I was about to go back very briefly to the other, very comparable, situation that the noble Lord, Lord Forsyth, referred to. We have to take into account the practical example of the Scottish independence referendum.

I have to confess that, until now, many of us on this side of the House—certainly those of us on the Liberal Democrat benches—have theoretically had to argue this case. We do not have to do that any longer. We know now, from the Scottish independence referendum campaign, that young people in Scotland took this issue very seriously. They were very well-informed and registered in much greater numbers than opponents ever thought that they would: 109,593 young people in this age group registered and 75% of them voted. That is more than the next cohort up, where people tend to go away from home—off to new jobs or university— and lose touch with the electoral process. Only 54% of 18 to 24 year-olds voted, and 72% of 25 to 34 year-olds voted. Young people debated the issues with great intelligence and personal integrity, ignoring vested interests. Indeed, they were rather more balanced in the outcome, as far as we can detect, than middle-aged men, who were actually taken in by some of the myths of the separatists.

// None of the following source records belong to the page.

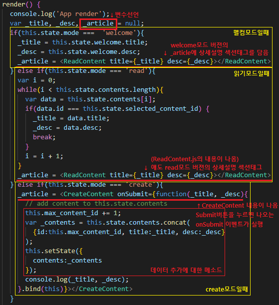 - render( )안에 if문에 따라 각 모드에서 실행될 _article = <ReadContent>태그 내용을 각각 넣어주기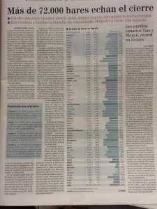 ¡Qué pena, qué melancolía, qué rabia, qué coraje! Y qué diferente, el sentido de cerrar un bar. La expresión «golfo cierrabares», castiza, canalla y divertida; contrasta con esta otra, que muestra la triste realidad de una crisis que, dicen, ya está cediendo. – ¿Dónde está la crisis? -sostiene siempre alguien… que no encuestra mesa en alguna…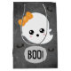 Cute Halloween gift bag featuring a smiling ghost with rosy cheeks, an orange bow, and “Boo!” text on a dark background. Perfect for kids’ Halloween party favors, classroom treats, or handing out candy on trick-or-treat night. A fun and family-friendly design for Halloween.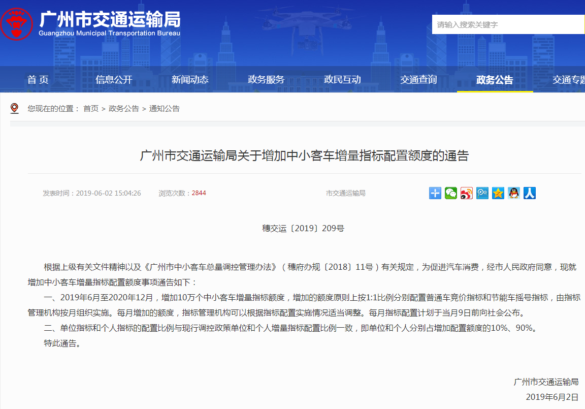 广州市交通运输局发布《关于增加中小客车增量指标配置额度的通告》,明确在原有额度的基础上,本月起至2020年12月,增加10万个中小客车增量指标,增加的额度原则上按1:1比例分别配置普通车竞价指标和节能车摇号指标,由指标管理机构按月组织实施,单位和个人分别占增加配置额度的10%、90%。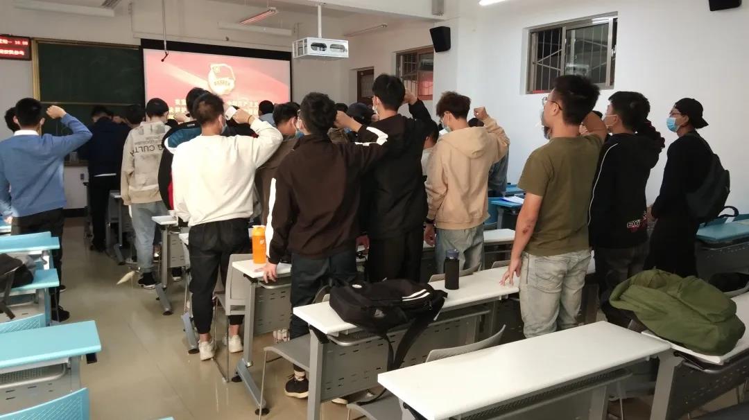 预备党员张瑞康带领大家宣读入团誓词:我志愿加入中国共产主义青年团,坚决拥护中国共产党的领导,遵守团的章程,执行团的决议,履行团员义务,严守团的纪律,勤奋学习,积极工作,吃苦在前,享受在后,为共产主义事业而奋斗。入团誓词的宣读声不仅飘向了窗外,更走进了团支部每位成员的内心,内化为支部成员的思想规范和行为准则。随后,团支部成员一起唱团歌。

Here, then, is the practical example. What is so important about this is that it demonstrates that, when young people are asked what they think about a longer-term issue of such huge importance to the country and to them, they take it very seriously. Some Members of your Lordships’ House who go on behalf of the Lord Speaker to sixth forms very often find that that age group is rather better informed, and perhaps more mature in their views, than some 60 and 70 year-olds.

Lord Tebbit Portrait Lord Tebbit (Con)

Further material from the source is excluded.